You need a conditional before it to make sure the right things have changed in ttShipHead, for example that the shipment has been shipped, but then another condition after this one can check its value as needed. And obviously it isn’t using the full system logic to arrive at the value, either, but it should be possible to tweak it to get close enough for the purpose.

Definitely see if the configuration option will work first, though.

one way to calculate any sum is a foreach loop within the target table and this simple equation using relevant variable type
sum =sum + table.row value

Thanks for your help, all.
I only work part time (hence the delay in responding) and this isn’t my main priority right now - I’m kind of working on it as and when. You’ve given me great pointers though to be starting with. I’m sure I’ll be back when I still can’t figure it out. :slight_smile:

Thanks again

Hi Daryl,
That is a lovely piece of code :slight_smile: How would I modify it to calculate the values of all shipments for a customer that had been shipped but had not yet been invoiced?
Best regards
Adrian.

Where would you be doing it, @Adrian_Mepham?

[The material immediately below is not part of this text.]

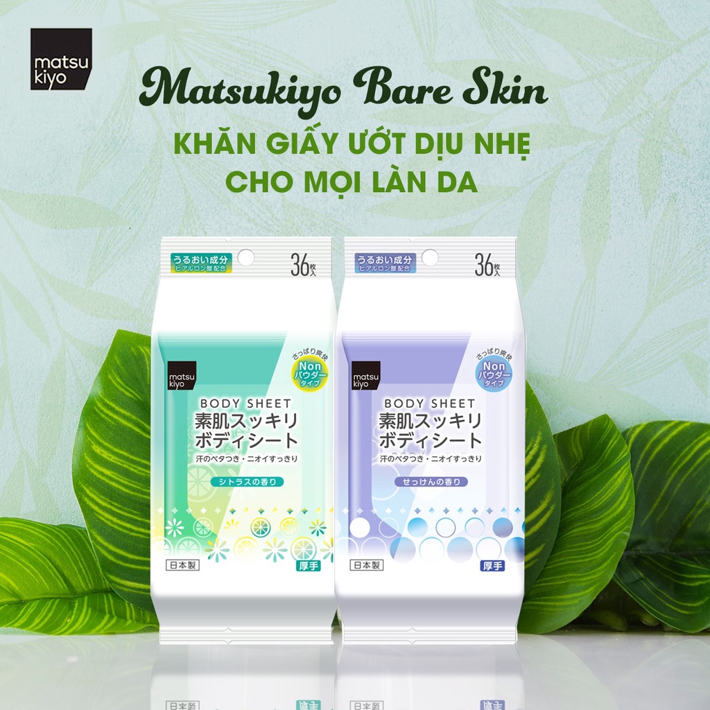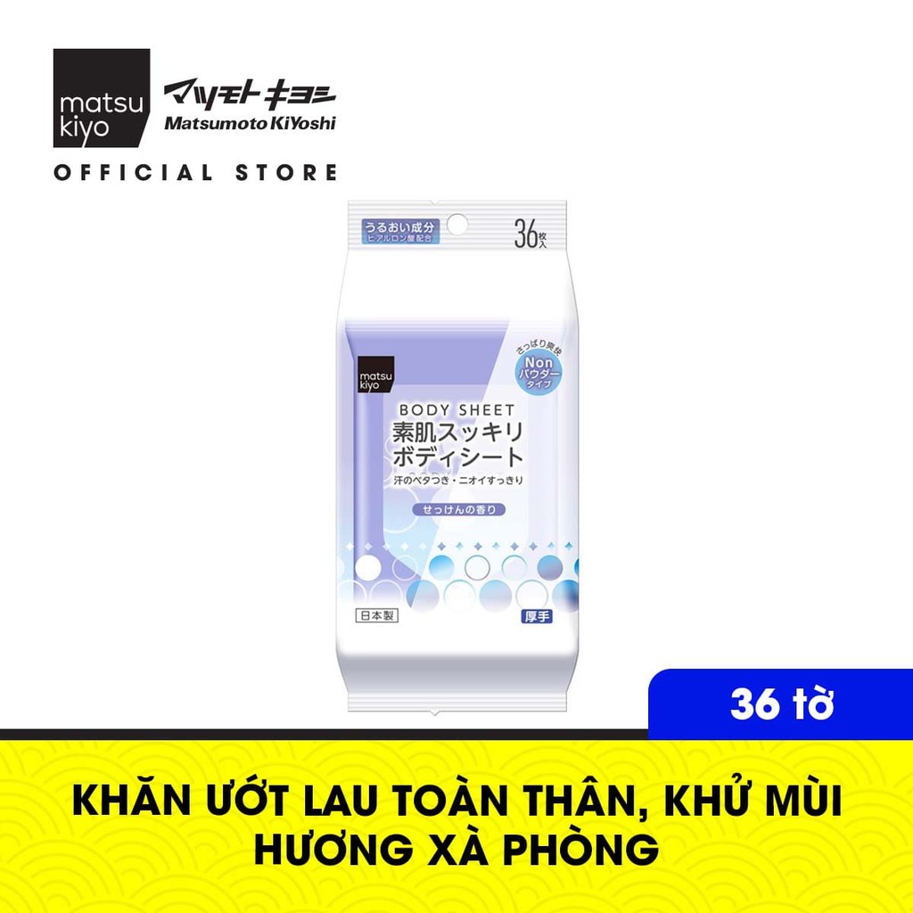 Giới thiệu Khăn ướt lau toàn thân Matsukiyo Suhada Sukkiri hương xà phòng 36 tờ

I have a Method Directive, pre processing on the CustomerShip.Update, which so far (with the help of your code) calculates the open invoice value plus the value of the current shipment to check that it does not exceed the customer’s credit limit. My problem is that our despatch department ship many orders before invoicing takes place, sometimes for the same customer. We do not want to include open orders in the credit calculation so we often get caught out when five or six orders have been shipped to the same customer and any one of them would have exceeded their credit limit.

I’d have to play around, I think. But could you do it based on

where row.CustNum == ttShipHeadRow.CustNum && row.ReadyToInvoice && !row.Invoiced

and modify to suit?

The best solution is to include open orders and then release individual orders for shipment as required. If you use the readytoinvoice flag to calculate value, there is a chance that the packing slip is printed but not marked shipped. More than one person making packing slips for the same customer can cause an issue also.

That is what we do. Sometimes we have to release multiple orders on the same day for the same customer, but there is no chance of failure by using the system inherent capabilities.

Vinay Kamboj

I will give that a try and see what I get. Thanks Daryl. Do I need a For Each or similar to get them all or will the code return the sum of all pending shipments for invoicing?

If the rest is structured broadly like the original one, with “Sum”, then you should get a single figure.

I tend to play around in LINQPad to make sure things makes sense, myself. Linq gets impenetrable quite quickly to me however much I use it!

Per @Vinaykamboj, I’m assuming you have your reasons for not including open orders in credit.

We don’t include open orders in the credit calculation because it does not work for us. We have hundreds of open orders in our system at any one time, with many customers having multiple orders relating to various projects, some of which are not due for completion / delivery for months to come.